Fragrance 101: We Are Family!
We get it: fragrance can be confusing - and that’s because it’s marketed to you that way! At Olfactory, we make things simple, so you know exactly what you’re spritzing. Welcome to Fragrance 101!
We’ve gone over the concentrations of a fragrance and what it means to be a ‘parfum’ vs. a ‘toilette.’ But what about the way fragrances are classified?
Fragrance classification is responsible for words like ‘citrusy,’ ‘woody,’ and ‘fruity’ being used to describe scent. We enjoy the very modern and extensive Michael Edwards Fragrance Wheel to understand fragrance families.

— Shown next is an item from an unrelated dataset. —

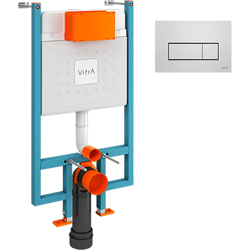 Инсталляция Vitra Core 800-1875 для унитаза с клавишей смыва Хром глянцевый.Характеристики:Инсталляция: Цвет рамы: синий. Материал: сталь. Покрытие рамы: краска методом порошкового напыления. Размеры (ШхВхГ): 540х1270х80 мм. Объем смыва: 3/6 л. Подвод воды: сверху бачка. Диаметр слива: 90 мм. Легкая регулировка ножек рамы по высоте: от 0 до 150. Межосевое расстояние для монтажа унитаза 180/230 мм. Выдерживают нагрузку до 500 кг. Монтаж: в капитальную стену и в пол. Клавиша смыва: Цвет: хром глянцевый. Материал: термоустойчивый пластик. Размеры (ШхВхД): 244х165х9 мм. Режим слива воды: две кнопки (режим эконом). Управление: механическое. В комплекте поставки: Инсталляция Vitra V-Fix Core 738-5800-01. Набор крепежей инсталляции к стене и полу. Набор крепежей унитазов к инсталляции. Набор патрубков и гофр. Шаровой запорный кран. Клавиша смыва Vitra Root S 740-2380. Инструкция.
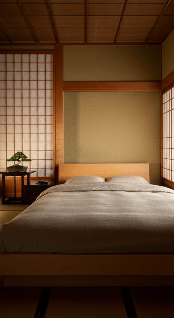 A Japanese-inspired bedroom combines minimalist design with natural elements. It focuses on simplicity, tranquility, and balance, using neutral colors, low furniture, and natural materials like wood and bamboo.

Image by Michael Edwards Fragrances of the World
According to this model, fragrances are categorized under four main families: Floral, Oriental, Fresh, and Woody, each of which have many subfamilies. The subfamilies are the nitty-gritty of fragrance classification, with each subfamily containing a handful of key fragrance ‘notes.’ For example, under the Oriental family is the ‘Woody Oriental’ subfamily, which usually will contain woody notes like cedarwood and sandalwood paired with spicy, warm notes like vanilla, incense, and cardamom. Subfamilies truly represent the sheer variety of scent combinations that we have in perfumery! Wondering where in the wheel Olfactory NYC fragrances can be found? See below!

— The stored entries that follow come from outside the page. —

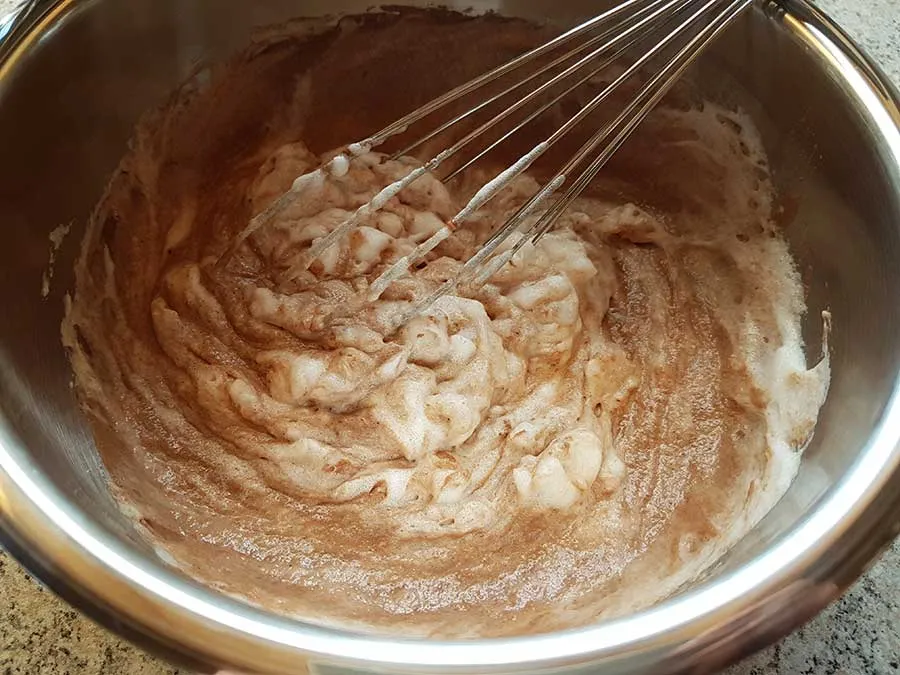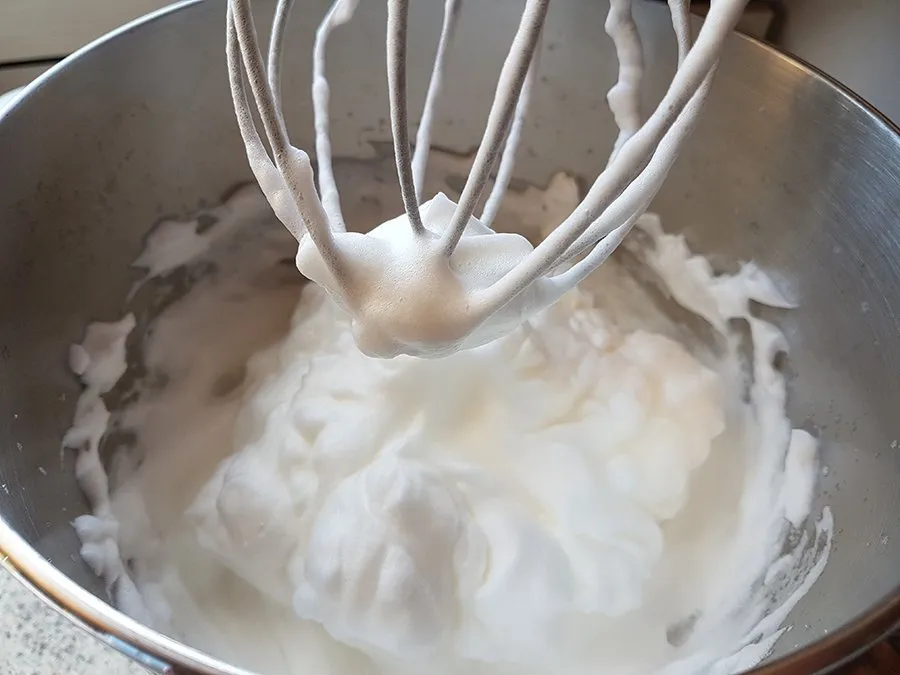 • Anschließend weitere 90 ml Wasser zugeben und klumpenfrei verrühren. Das frisch hergestellte Eiklar zu sehr steifen Schnee schlagen.
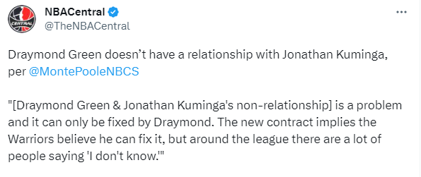 現在勇士更衣室又有了新的隱患,名記Monte Poole報導,德拉蒙德-格林和庫明加之間無關係是球隊的一個問題,只有德拉蒙德才能解決,新合同意味著勇士隊相信他能解決這個問題,但全聯盟很多人說’我不知道’。
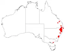 This bossiaea grows in open forest and woodland from Kroombit Tops National Park in south east Queensland and south along the coast and tablelands of eastern New South Wales to Fitzroy Falls.[2][3]
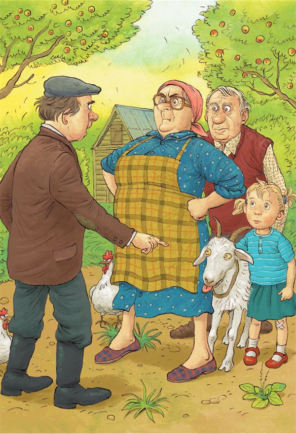 Председатель, обнаружив обглоданные кусты, прямиком пришёл ссориться с бабушкой и дедушкой. Дедушка сразу перед ним извинился. Но председатель всё не мог успокоиться и требовал, чтобы козу забили. Чем вывел из себя бабушку.
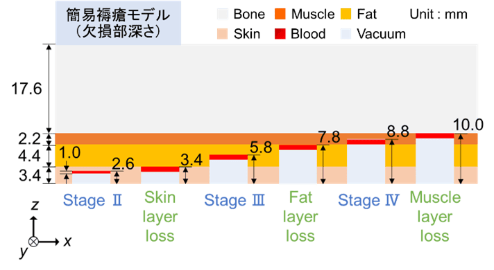 発明者らは、ベッドのマットレスの下からマイクロ波(5.8GHz・10GHz)を体に照射し褥瘡のステージを非接触・非侵襲で検出する方法を開発した。作製した褥瘡の各ステージの42種類の皮膚モデル(右上図)に対して患部に当たったマイクロ波の反射時間と大きさを指標とした値を生成し、健康皮膚モデルとの差分から欠損部の深度と表面積(辺の長さ)体積を推定できることを明らかにした。

In the Floral category, we’ve got the iris-laden Lulu, beachy-floral Blake, rosy Ryan and jasminic Taylor. To customize these scents, we find it really beautiful when floral notes like jasmine, lily, freesia, geranium, or hydrangea are added.

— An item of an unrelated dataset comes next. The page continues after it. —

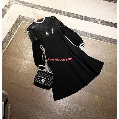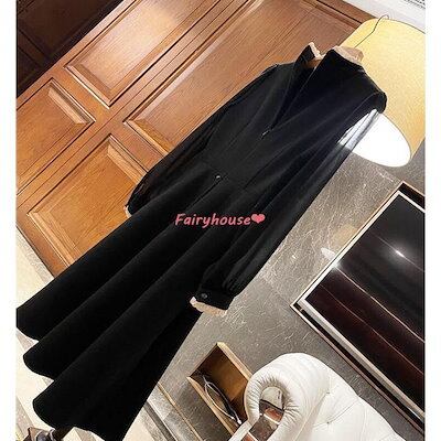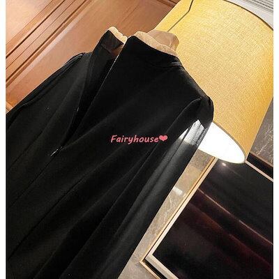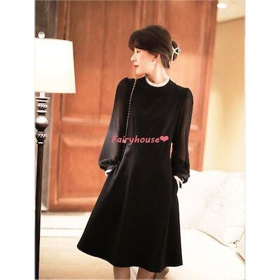 ワンピースレディース 40代 きれいめ 膝丈ワンピース 春秋 長袖ワンピース パフスリーブ 黒シフォンスカートAライン オシャレ大人 着痩せドレス ゆったり30代
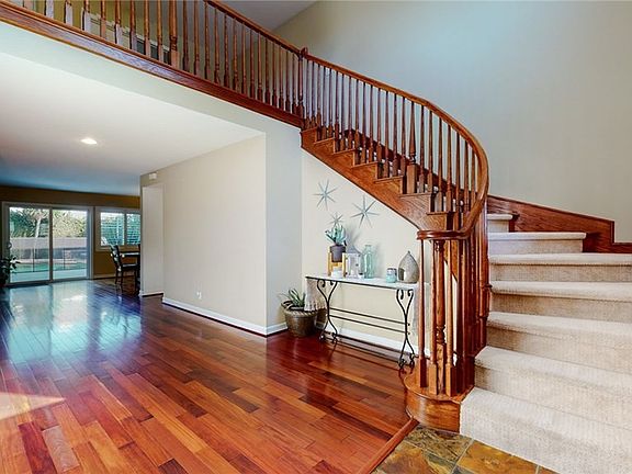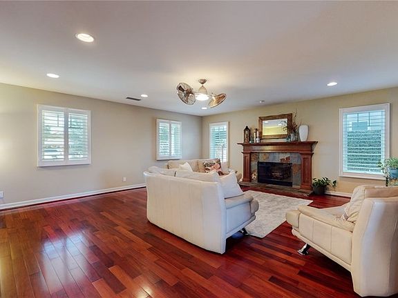 This Charming Craftsmen-Style Rossmoor Home has a great floor plan and spacious backyard with pool. The warm and inviting large family room has a beautiful fireplace, wood shutters and opens into the kitchen. The large kitchen is centrally located with detailed custom cabinetry, stainless steel appliances and large island. The hardwood floors throughout are gorgeous. The downstairs features the family room, kitchen, dining room, hallway bathroom, two bedrooms with jack and jill bathroom. The upstairs features a loft/landing area, master bedroom, master bathroom and guest bedroom with its own bathroom. The spacious master bedroom has a walk-in closet and see through fireplace to master bathroom. The master bathroom has a large soaking tub, walk-in shower and double sink vanity. The relaxing and over-sized backyard has a built-in bbq, large sparkling pool, fire pit and grassy lawn area. This home has so much to offer its a must see.

For our Oriental scents, Hunter and Riley take the stage with their notes of vanilla, sandal and cedarwood, and ambrette. Oriental accords like our vanilla, cardamom, and tobacco and toffee, oud, and saffron enhance these scents best.
Fresh and clean - a common request we get in our Scent Studio. Ashton, Dylan, Cam, and Max compose this category. Ashton and Max are citrusy with lemon and grapefruit, Dylan totes fruits like apple and lychee, while Cam is quite green and grassy with elemi and violet leaves. To customize these fragrances, you can’t go wrong with a blend of tart blackcurrant and patchouli or a fresh lemon and smoky tea accord.
Lastly, our Woods category houses Reed, Jayden, Rio, and Leo. Reed is a mossy, earthy blend, Leo contains leathery notes, and Jayden and Rio are grounded by dry woods like cedar. Woody, smoky accords like cedarwood and incense or an earthier sage, orris, and patchouli accord enhance these fragrances well.